Excitation-Controlled Singlet–Triplet Channel Redistribution in a Stable 0D Sn(II) Hybrid Halide

Lead-free organic–inorganic metal halides (OIMHs) with robust zero-dimensional (0D) frameworks are highly attractive for practical optoelectronic applications. Here, we propose a precursor-engineering strategy using the organic molecule C15H15N to stabilize Sn-based metal halide thin films. Four 0D OIMHs were synthesized via a solution method, namely, (C15H16N)4SnCl6, (C15H16N)2SnBr6, (C15H16N)6BiBr9·2H2O, and (C15H16N)3(C2H8N)BiBr7·H2O, all adopting 0D structures. (C15H16N)4SnCl6 exhibits excitation-dependent multichannel photoluminescence: under 370 nm excitation it shows blue–white emission, whereas 306 nm excitation yields two bands at 410 and 750 nm, indicating multiple emissive centers.
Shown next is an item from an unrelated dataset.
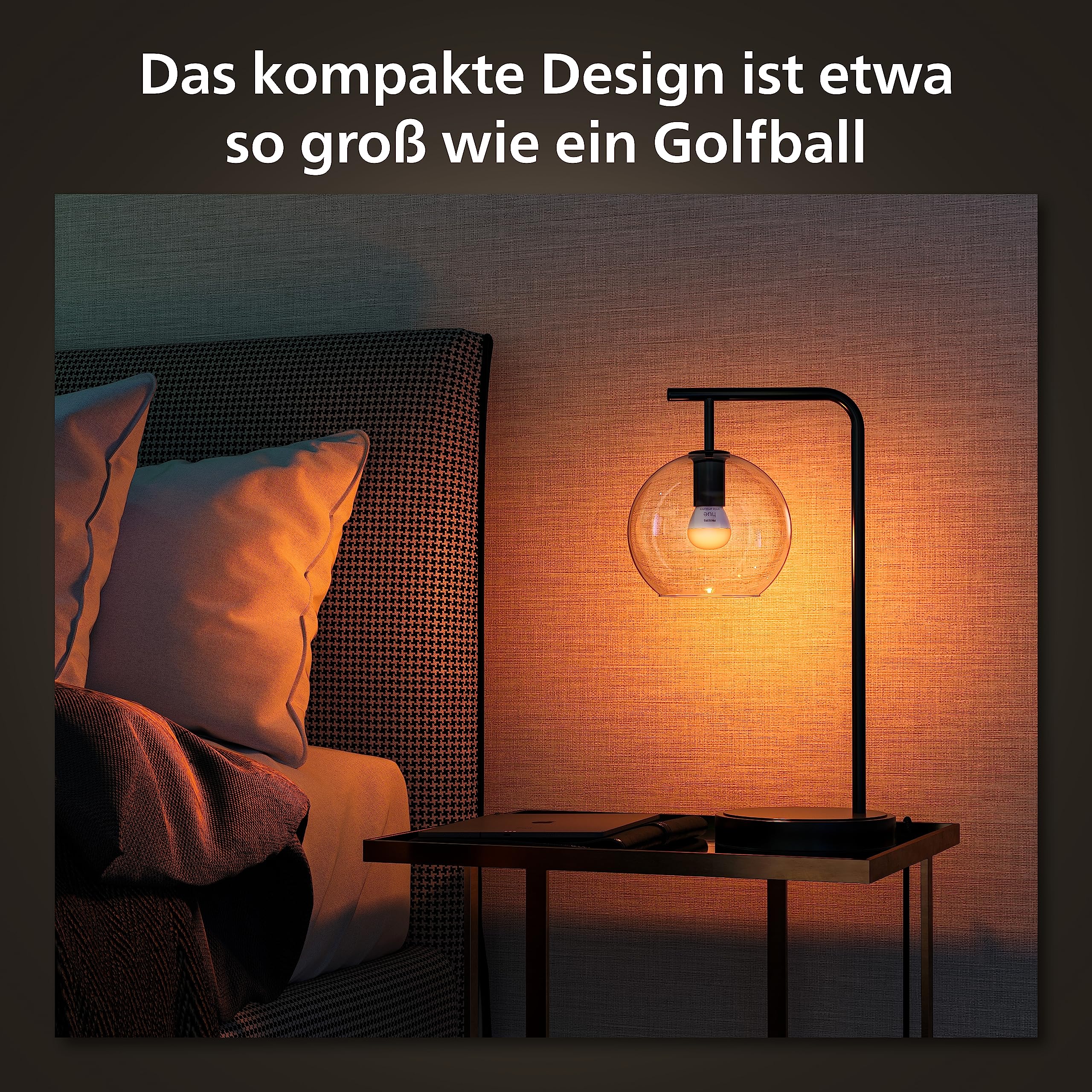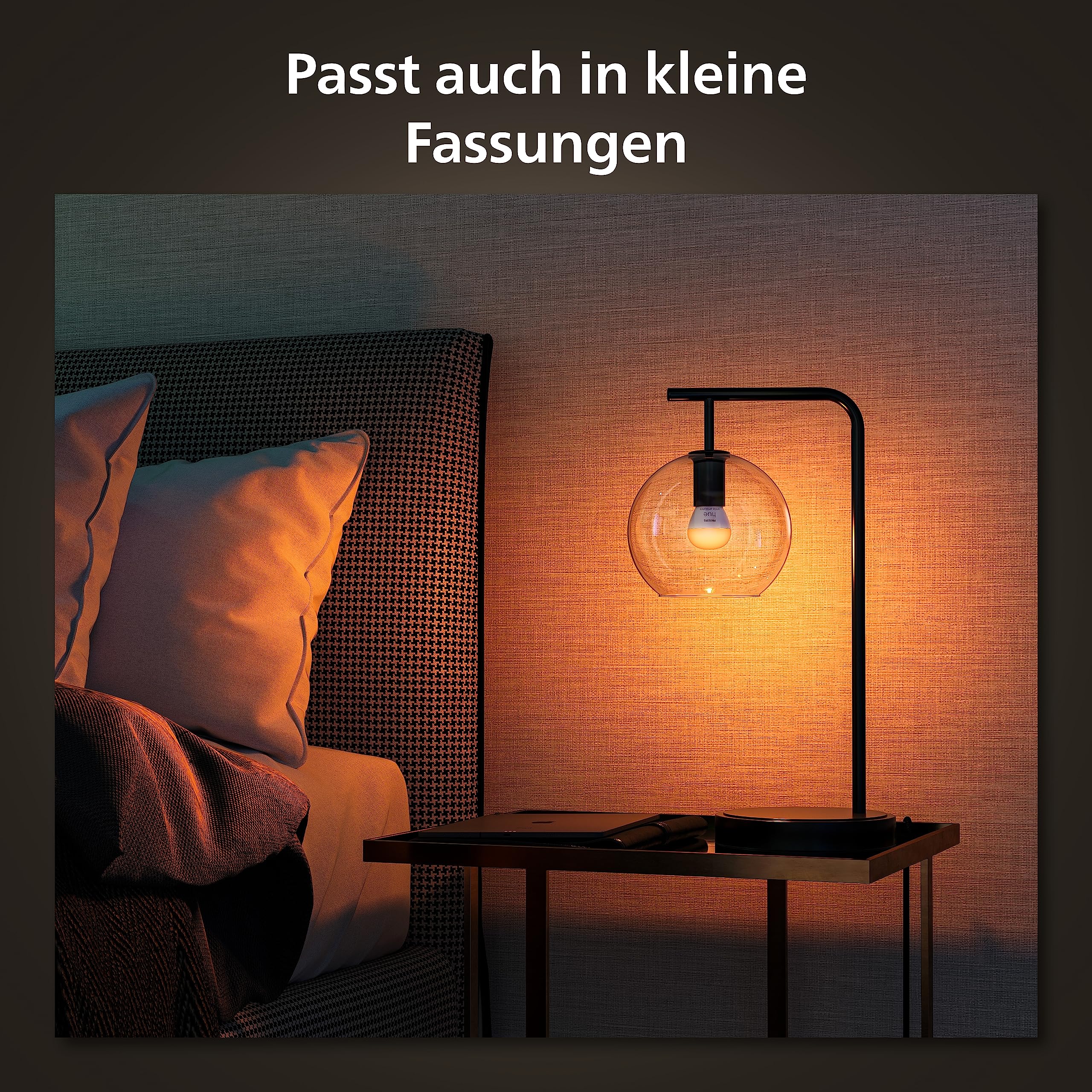 Smart Lighting mit Philips Hue – mehr als nur LichtGestalten Sie Ihr Zuhause neu und kreieren Sie personalisierte Lichtszenen mit der Hue E14 LED Lampe von Philips. Ob für einen frischen Start in den Tag, zum Entspannen nach der Arbeit oder zum Lernen und Lesen – mit 50.000 verschiedenen Weissschattierungen, vom kühlen bis warmen Licht, schafft die Lampe in Tropfenform interessante Lichtdekorationen passend für jeden Anlass. Einfach in der Installation kann das LED Leuchtmittel in jede E14 Fassung eingesetzt werden und funktioniert in jedem Zuhause.Es gibt keine umfangreichere Methode, Ihre smarten Philips Hue Lampen und das Zubehör zu organisieren, zu steuern und anzupassen, als mit der offiziellen Philips Hue AppSmarter starten mit der Philips Hue Bridge für einen vollen Funktionsumfang:Mit Bluetooth können viele Funktionen bereits getestet werden. Alle Möglichkeiten stehen aber erst in Verbindung mit der Philips Hue Bridge Steuerungszentrale zur Verfügung:Vergessen das Licht auszuschalten? Mit der Hue Bridge ist die Lichtsteuerung auch von unterwegs möglichDie Beleuchtung soll sich automatisch einschalten, wenn es dunkel wird? Automatisierungen helfen zusätzlich dabei das Licht zu einer bestimmten Zeit ein- und auszuschalten oder die gewünschte Farbeinstellung automatisch vorzunehmenIm Haus fehlt ein Schalter am richtigen Platz? Mit der Hue Bridge und dem passenden Zubehör können Schalter, Bewegungs- oder Kontaktsensoren überall flexibel im Raum zur Steuerung positioniert werdenLangsames WLAN? Die Hue Bridge verwendet Zigbee, um mit den Lampen und Zubehörteilen zu kommunizieren. Alle Lampen reagieren sofort, und können auch dann gesteuert werden, wenn kein WLAN verfügbar ist.Die Lampen sollen aus einem anderen Raum oder im Garten gesteuert werden? Jede Lampe, die hinzugefügt wird, fungiert als Repeater, sodass die Lampen im ganzen Haus, innen und aussen, verteilt werden können und die Reichweite so unabhängig von der Bluetooth oder WLAN Reichweite maximiert werden kannNeben Ambientebeleuchtung ist auch ein Sicherheitssystem oder die Musik, TV- und Gaming-Synchronisation interessant? Die Hue Bridge bietet ein System, das alle Bedürfnisse erfüllt, von Ambiente, bis hin zu Unterhaltung und SicherheitDas System soll einfach zu bedienen und zukunftssicher sein? Die Hue Bridge sorgt dafür, dass alle Lampen immer auf dem aktuellen Stand und dank Matter weitere smart Home Marken problemlos integriert werden könnenSo smart kann Licht sein: White Ambiance E14 LED LampeLicht: Weiss, kalt bis warmFarbtemperatur: 2.200 - 6.500 KDimmbar: JaLichtleistung bei 4.000 K: 470 lmWattleistung: 5,1 WMax. Standby-Stromverbrauch: 0,5 WMasse (L x B): 45 x 77 mmLieferumfang: 1 x E14 LampeIntelligente Sprach- und Appsteuerung via Hue Bridge

Time-resolved photoluminescence and density functional theory calculations reveal distinct emissive channels from the organic cation and Sn2+ centers, evidencing excitation-controlled redistribution among singlet and triplet manifolds within the rigid 0D framework. (C15H16N)4SnCl6 shows excellent stability and optical properties, and when combined with polymers to form composite films, its excitation-dependent luminescence offers a highly promising route for information encryption.